PRINCETON, N.J., April 14 /PRNewswire-FirstCall/ -- Bristol-Myers Squibb Company (NYSE: BMY - News) today announced new results of the BARACLUDE® (entecavir) resistance monitoring program, which found a continued low incidence of resistance in studies of nucleoside-naive chronic hepatitis B patients through four years of treatment (n=663). In the three nucleoside- naive studies analyzed, two patients, or less than one percent, experienced virologic breakthrough due to BARACLUDE resistance through the third year, and no additional patients developed resistance in the fourth year. In lamivudine- refractory patients, virologic breakthrough due to BARACLUDE resistance occurred in 15 percent (n=8/53) of patients during year four. The study results were presented today at the 42nd Annual Meeting of the European Association for the Study of Liver Diseases (EASL) in Barcelona, Spain.

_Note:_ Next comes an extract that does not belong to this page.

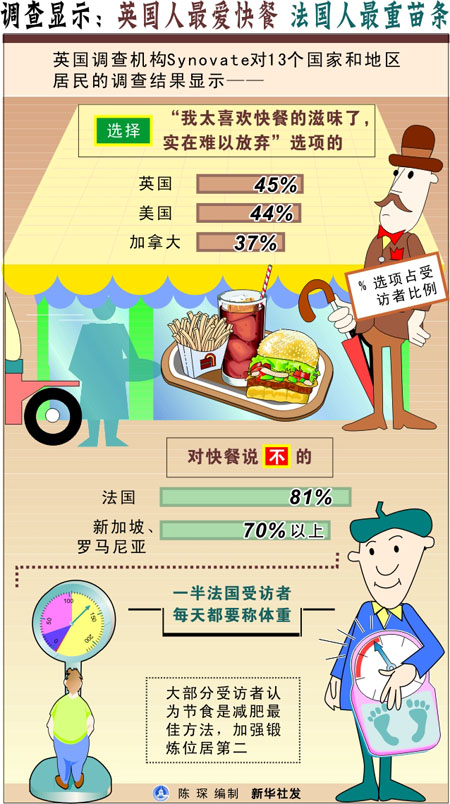 調(diào)查:英國人最愛快餐 法國人最重苗條

Drug resistance occurs when a virus mutates to avoid the effects of the medication. This can make treatment of hepatitis B challenging, because it can decrease the efficacy of the current medication and may compromise future treatment options. To date, studies have shown that multiple mutations are required to develop BARACLUDE resistance.

"The low incidence of resistance seen in nucleoside-naive patients through four years of treatment reflects BARACLUDE's high barrier to resistance in this patient population," said Richard Colonno, Ph.D., vice president for virology drug discovery at Bristol-Myers Squibb.

About the Analysis
More than 700 patients across six studies initiated therapy on BARACLUDE® (entecavir) and were monitored for treatment response and resistance.

The year four analysis evaluated those patients who received treatment with BARACLUDE during the fourth year (n=120 for patients in nucleoside-naive studies and n=53 for patients in lamivudine-refractory studies). In this comprehensive analysis, all patients enrolled in Bristol-Myers Squibb clinical trials ETV-014, -015, -022, -027, -026 and -901 who experienced a virologic breakthrough (greater than or equal to one log increase in HBV DNA from nadir as measured by a common assay - polymerase chain reaction or PCR), or whose virus had not yet reached undetectable levels - a measurement of the levels of hepatitis B virus in the blood (HBV DNA levels >300 copies/mL by PCR assay) at weeks 48, 96, 144, 192 or end of dosing were sequenced to determine if any changes occurred in the genetic code of the virus that would result in resistance or loss of effectiveness of BARACLUDE.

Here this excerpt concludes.